### [What is being asked]
Please give the lines below again exactly as they stand, from the one that contains "- please note" up to and including the one that contains "Víkend se blíží", leaving all pictures out.

### [Exercise materials]
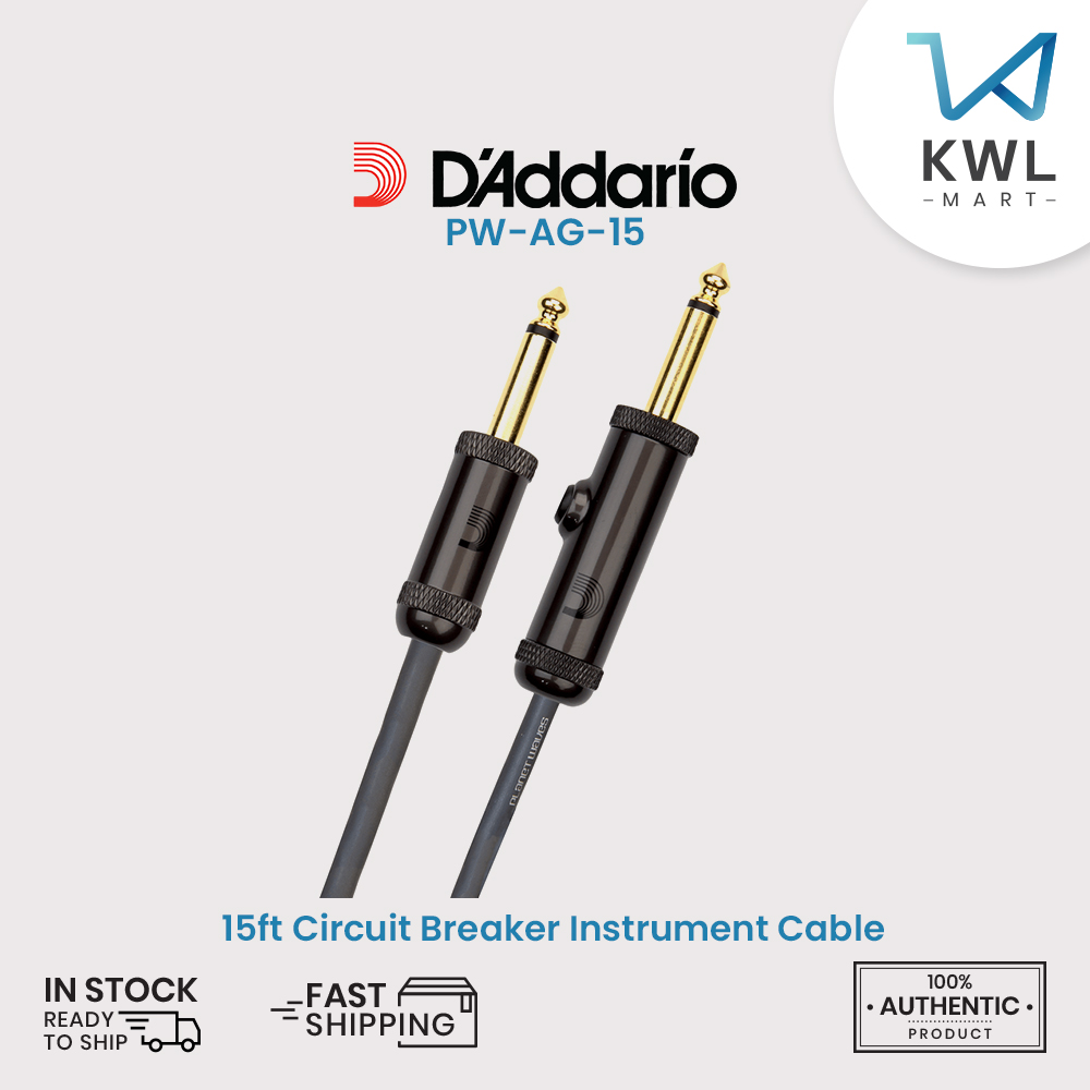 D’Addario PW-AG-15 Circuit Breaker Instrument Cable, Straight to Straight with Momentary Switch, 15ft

* * *

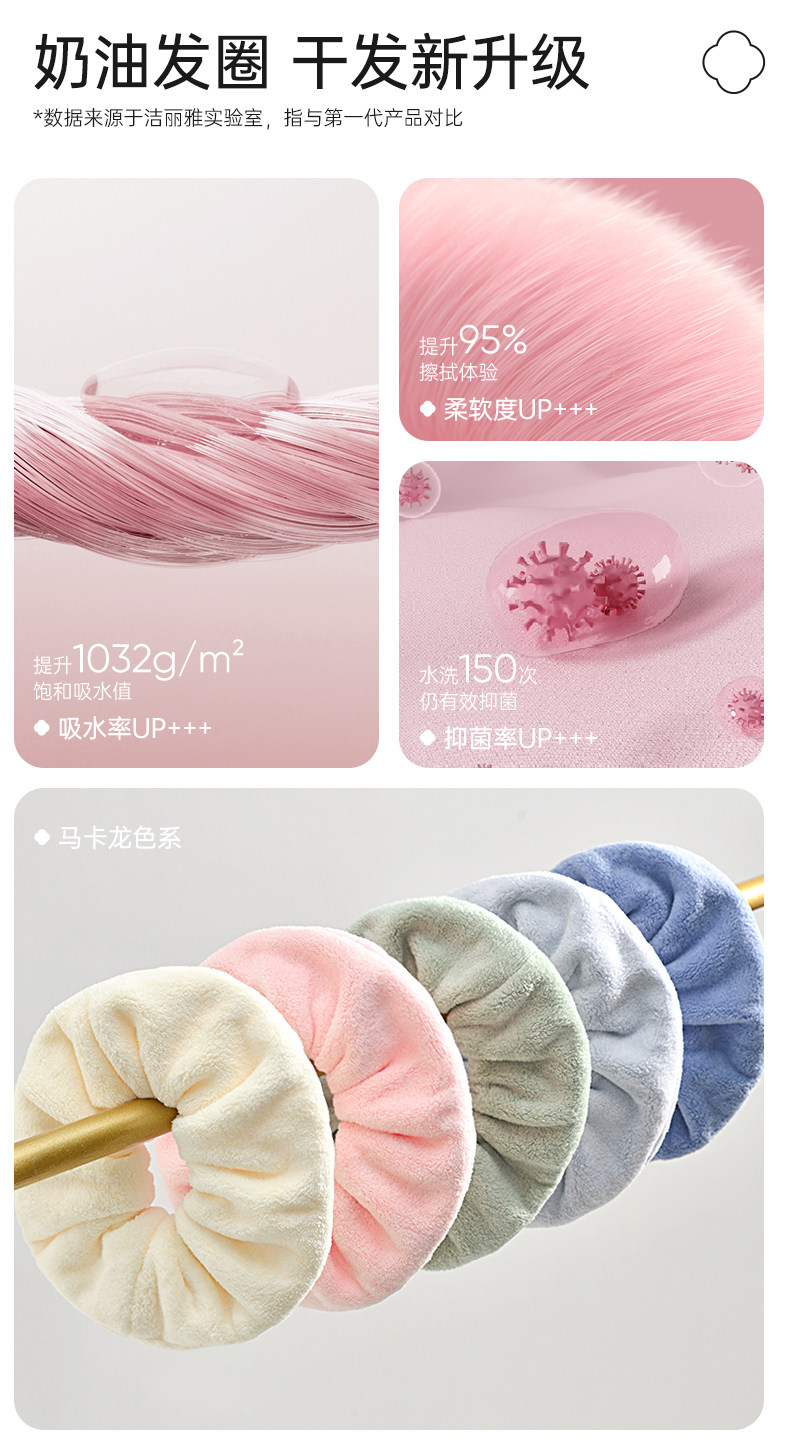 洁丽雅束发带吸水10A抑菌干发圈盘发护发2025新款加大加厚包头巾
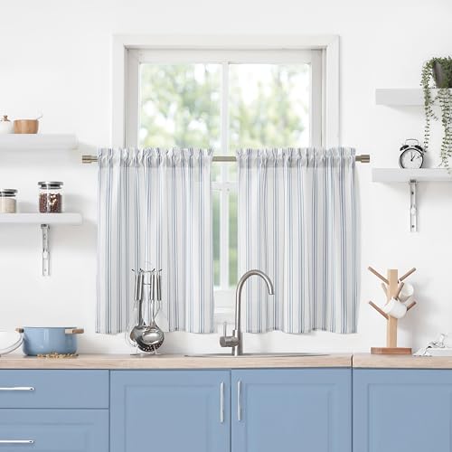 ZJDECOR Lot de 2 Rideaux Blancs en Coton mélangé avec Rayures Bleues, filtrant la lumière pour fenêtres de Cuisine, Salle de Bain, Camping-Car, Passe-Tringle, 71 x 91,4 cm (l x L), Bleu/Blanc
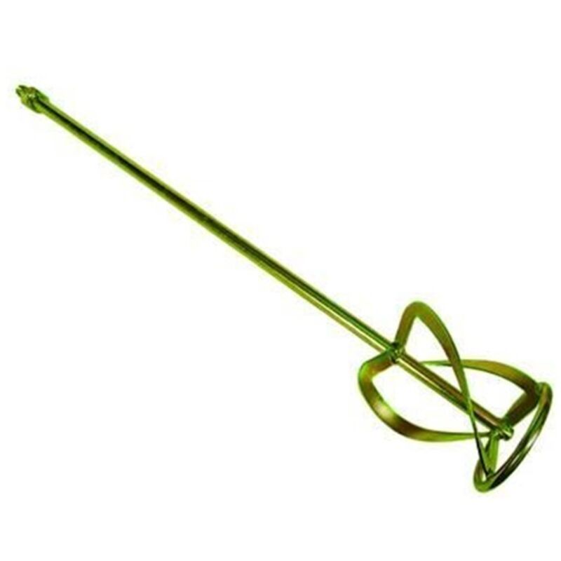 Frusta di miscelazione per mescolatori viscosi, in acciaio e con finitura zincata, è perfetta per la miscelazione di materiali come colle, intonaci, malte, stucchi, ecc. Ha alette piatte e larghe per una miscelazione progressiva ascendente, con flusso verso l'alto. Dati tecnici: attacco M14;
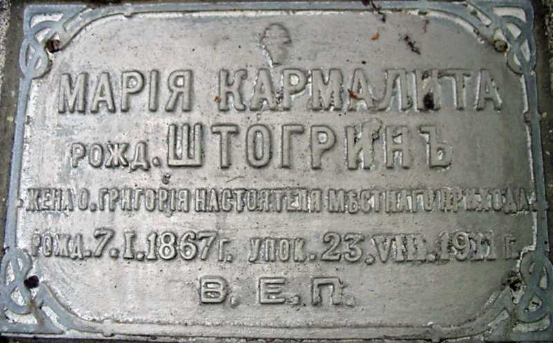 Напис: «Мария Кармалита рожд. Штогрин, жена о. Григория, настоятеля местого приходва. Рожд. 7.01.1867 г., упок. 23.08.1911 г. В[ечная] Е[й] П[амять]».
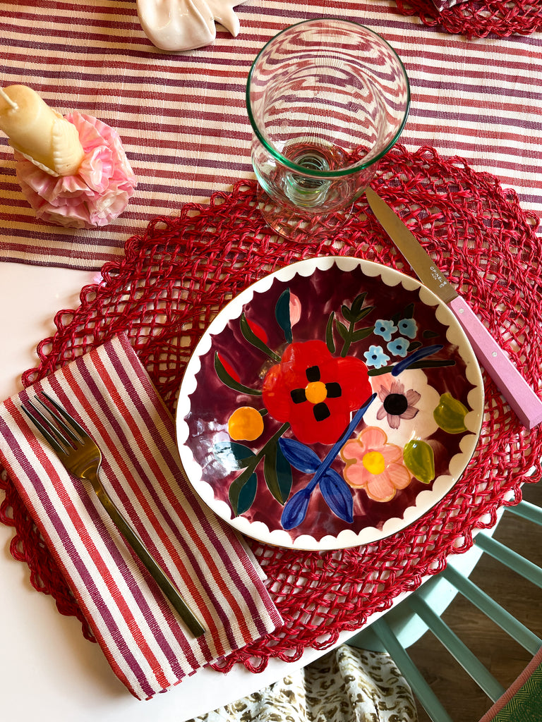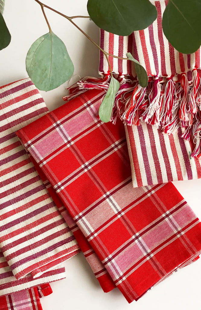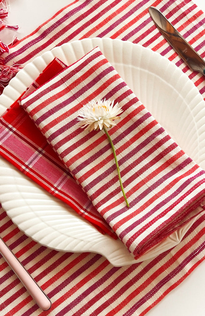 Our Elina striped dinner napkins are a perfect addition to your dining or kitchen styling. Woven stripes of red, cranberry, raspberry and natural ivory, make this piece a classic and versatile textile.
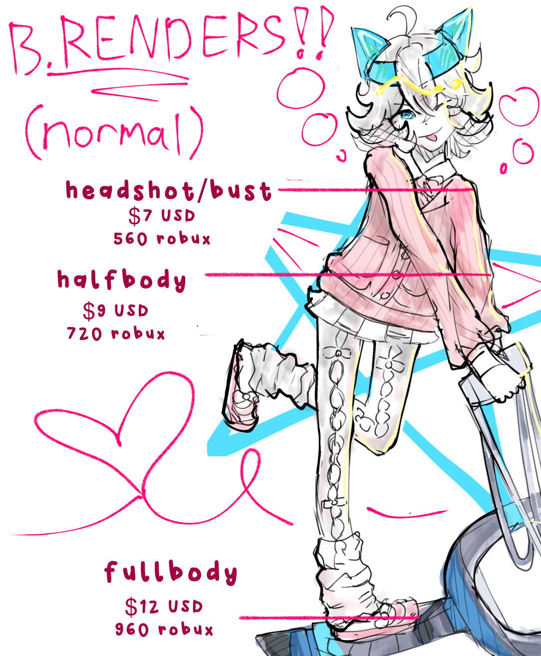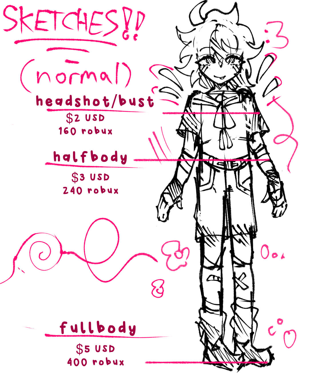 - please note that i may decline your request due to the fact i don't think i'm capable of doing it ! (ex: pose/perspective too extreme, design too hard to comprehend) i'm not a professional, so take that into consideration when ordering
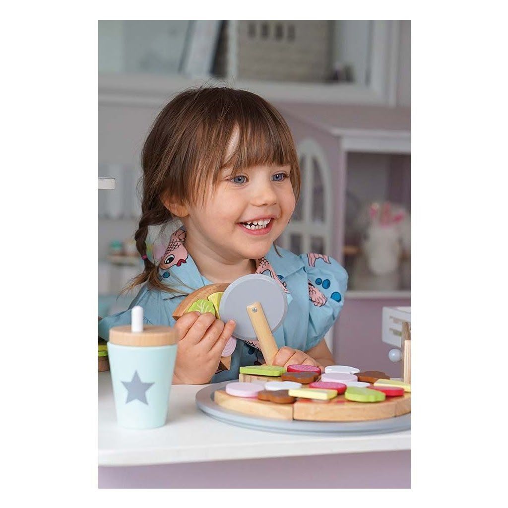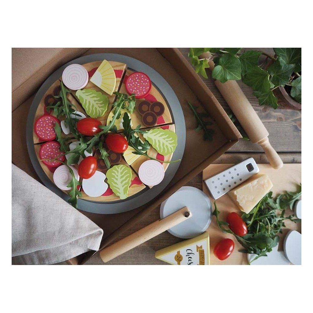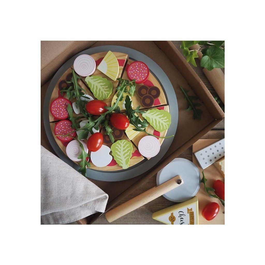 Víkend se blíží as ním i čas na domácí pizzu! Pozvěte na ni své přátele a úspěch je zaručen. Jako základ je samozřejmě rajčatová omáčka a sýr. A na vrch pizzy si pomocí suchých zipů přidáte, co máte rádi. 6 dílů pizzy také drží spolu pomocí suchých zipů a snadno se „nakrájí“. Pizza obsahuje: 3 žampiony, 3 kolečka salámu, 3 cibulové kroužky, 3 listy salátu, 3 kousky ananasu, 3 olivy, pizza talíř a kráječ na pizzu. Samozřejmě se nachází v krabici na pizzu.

### [Answer to this exercise]
 - please note that i may decline your request due to the fact i don't think i'm capable of doing it ! (ex: pose/perspective too extreme, design too hard to comprehend) i'm not a professional, so take that into consideration when ordering
 Víkend se blíží as ním i čas na domácí pizzu! Pozvěte na ni své přátele a úspěch je zaručen. Jako základ je samozřejmě rajčatová omáčka a sýr. A na vrch pizzy si pomocí suchých zipů přidáte, co máte rádi. 6 dílů pizzy také drží spolu pomocí suchých zipů a snadno se „nakrájí“. Pizza obsahuje: 3 žampiony, 3 kolečka salámu, 3 cibulové kroužky, 3 listy salátu, 3 kousky ananasu, 3 olivy, pizza talíř a kráječ na pizzu. Samozřejmě se nachází v krabici na pizzu.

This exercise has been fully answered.